Yes. Science is about questioning the knowledge of the day, refining or refuting conclusions and theories. But this can’t be an argument for accepting known and preventable flaws (bias, deficient statistics, incomplete reporting, etc.). In addition, in a previous post (‘Should we trust scientists’) I have argued that it may be idealistic to believe that scientists exclusively and altruistically strive to explain the world. While this may be an important motive, science is riddled with biases, conflicts, and vested interests. For example because certain types of results may help researchers to accumulate more of the currency which advances their careers. It is a non sequitur to confront the quest to improve the quality of research with an ideal of science. The argument merely contrasts current practice with an ideal.
This is a pun related to a paper by John Ioannidis (Why most research findings are false), a killer phrase meant to discredit those who argue that current biomedical research is not robust, discuss potential reasons, and propose remedies.
A related argument is to accept that 80 % or more of research findings are false, but then to turn it around and praise that this means that 20 % of our research is correct: Isn’t this a remarkable success rate?
Ioannidis and many others quantitatively demonstrate that due to correctable flaws in the system (bias, low power, etc.) we waste resources and potentially put patients in danger (forget about the 80 % figure). The argument that this isn’t such a bad track record after all stipulates that we shouldn’t worry, because history of science tells us that all theories at some point have been superseded (and thereby sometimes rejected) by the progress of future generations of scientists. Come on! The trick of this argument is to subliminally change subject, from exposing questionable research practice to epistemology.
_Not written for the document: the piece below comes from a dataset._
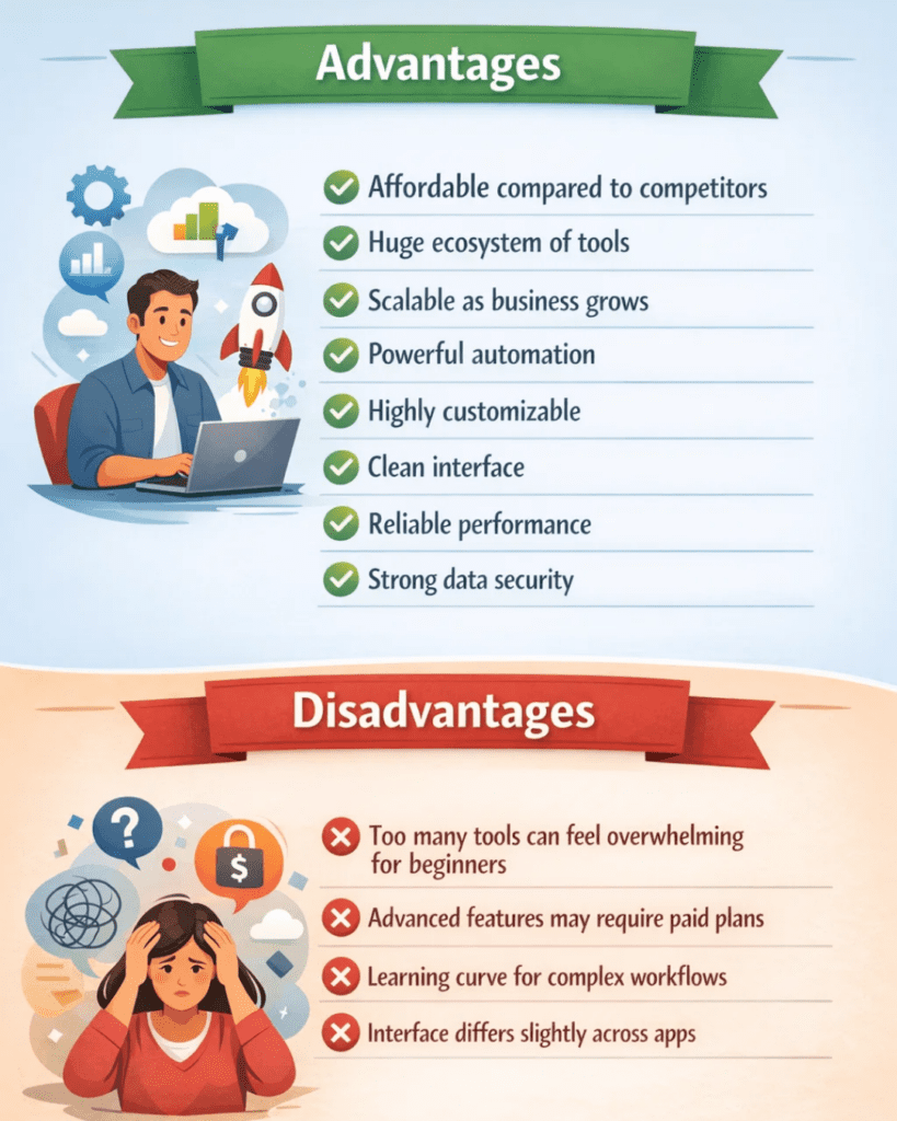 Instead of using different tools from different companies, Zoho integrates everything into one system. This centralization improves productivity and reduces operational complexity.

6. “The crusaders are only tinkering with the symptoms”
Here comes another argument against focusing on irreproducibility, bias, flawed statistics, etc.:
‘The crusaders’ are stuck with the symptoms, instead of attacking the root of the problem. Interestingly, those who use this argument almost never go on and expose such a cause of the causes. It is an unfair argument for two reasons: Many of the articles concerned with the current state of biomedical research put their finger in the wound(s): pressure to publish, wrong incentives, deficient training, etc. In addition, only by exposing the flaws (symptoms) we will be able to convince all stakeholders (researchers, university administrators, editors, funders etc.) to attack the root causes. And this is what is currently happening.
7. “Scientific misconduct is the real problem”
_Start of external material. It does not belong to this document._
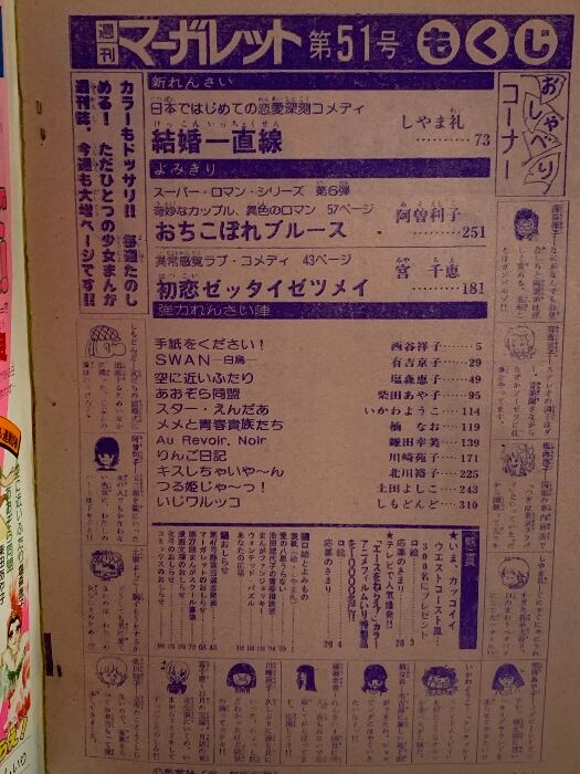 タイトル:15 週刊 マーガレット 昭和53年年 12月10日号 No.51 落ちこぼれブルース 結婚一直線 初恋ゼッタイゼツメイ 集英社

Media attention is focused on spectacular cases of fraud. Teaching of Good scientific practice (GSP) and its written rules and regulations are strongly biased towards the prevention of falsification, fabrication, and plagiarism.
Many researchers who deny that there is a more general problem with the biomedical scientific enterprise argue that we should concentrate on preventing scientific misconduct, as misbehaving researchers taint the public perception of science and scientists.
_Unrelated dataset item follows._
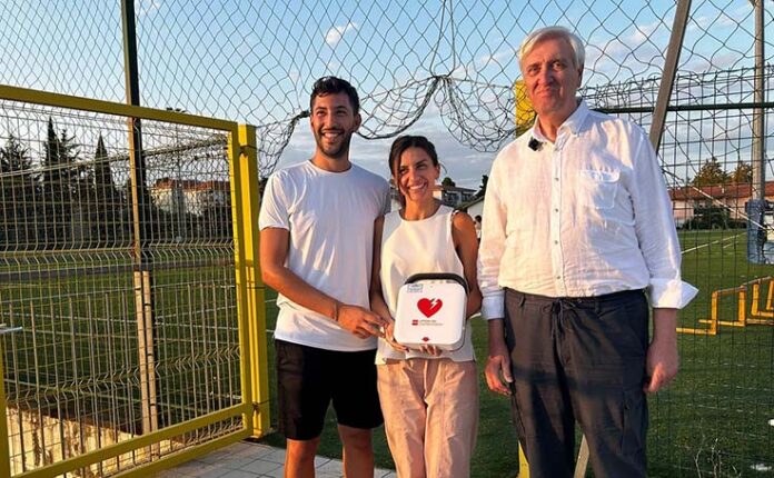 CASTEL DI LAMA – Hanno voluto condividere il clima di gioia e di amore del loro matrimonio con tutta la comunità di Castel di Lama, donando un defibrillatore al campo sportivo parrocchiale che ogni giorno accoglie decine di bambini e ragazzi e che è anche sede della squadra di calcio “Santa Maria Truentina”. Protagonisti del bel gesto di solidarietà sono due giovani sposi ascolani, Elettra e Fabrizio, che, al posto delle bomboniere, hanno deciso di acquistare e donare il prezioso strumento medico. I ragazzi, convolati a nozze il 28 luglio, hanno consegnato il defibrillatore qualche giorno prima della cerimonia insieme al presidente della Croce Verde di Ascoli Piceno, Maurizio Ramazzotti.

There is nothing wrong with preventing and exposing misconduct. But while it is clear that published cases of misconduct are on the rise, it is unclear whether this is based on increased incidence, or on increased scrutiny and media attention. Scientific misconduct is just the tip of an iceberg, if anything it is a sign or symptom of something bigger. Under water linger the “gray area” of questionable practice as well as an even bigger chunk of clearly faulty practice which is sanctioned because everyone engages in it and journals publish it. In that sense ‘misconduct’ is a red herring. It distracts us from tackling more widespread practices, and the root causes (see above).